When the unarmed Trayvon Martin was shot by gun-carrying vigilante George Zimmerman, there were approximately zero voices from the Republican/Right Wing/NRA crowd bemoaning “if only this poor young man had been carrying a gun then this whole tragedy could have been avoided.” Instead, seemingly every gun-toting American Patriot cast his lot with the light-skinned guy who did the shooting.
Make no mistake, when the Republican Party and NRA talk about making sure Americans can buy guns to protect themselves, they’re not thinking “if only poor black people had more weapons then we’d all be safer.”
I would say (replying to the thread topic, and violating Betteridge’s law) yes.
I believe the Deacons kept Martin Luther King’s pacifist movement from being rolled over during the Civil Rights marches of the 1960s.
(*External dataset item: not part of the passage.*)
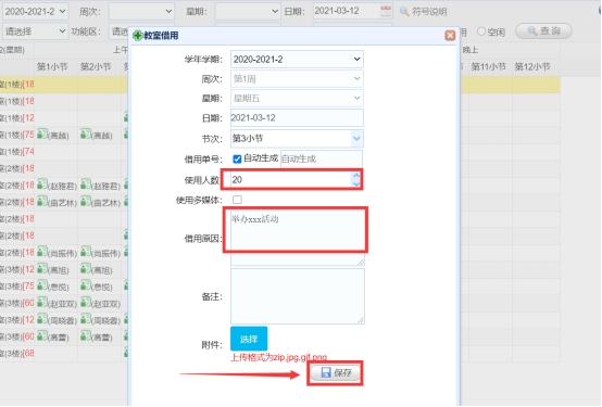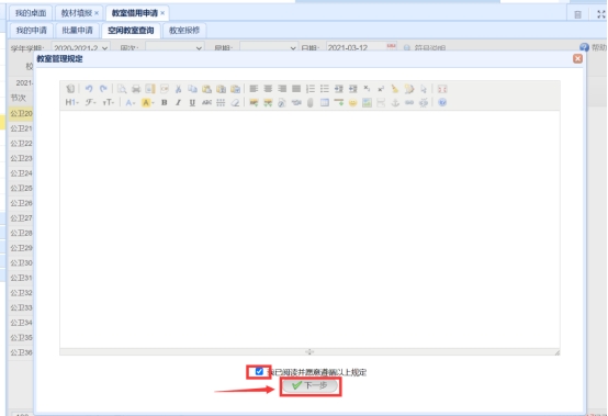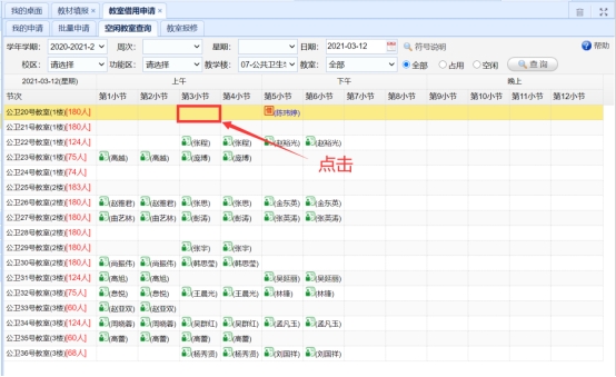 2、点击需要借用的节次时间(空白节次区域代表可借用)

MLK would have ended up in an unmarked bayou without the Deacons.
Generally, across all times and cultures, access to powerful means of self defense is far more important for identifiable minorities than for people who can “pass”.
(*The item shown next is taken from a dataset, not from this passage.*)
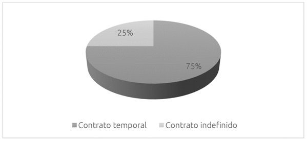 Respecto a las áreas de la empresa que se ven mejoradas con la FPD, el 50% de las empresas señaló la organización y eficiencia productiva, y el otro 50% marcó la gestión de recursos humanos (selección, formación, etc.). A este respecto, la figura 3 recoge que el 75% de las empresas contrató nuevamente al alumnado aprendiz después de finalizar la FPD, y que la modalidad contractual más habitual es la temporal (en el 75% de los casos). Le sigue la indefinida, con el restante 25% (esta última se da sólo en empresas situadas en el medio rural).

But the question becomes one of whether you think access to guns is good for people, or not. Advocates of citizen disarmament - who can be seen as either righteous people of peace or pawns of totalitarianism, without any contradiction - might say that any access to weapons is destructive. I disagree with that, so I think Republican policies that favor less gun regulation are beneficial to both oppressed peoples and to distinguishable minorities.
Edit: and yet another question is whether gun regulation is good for societies (as opposed to individuals or subgroups) and if so what kind of regulation. My post ignores those issues.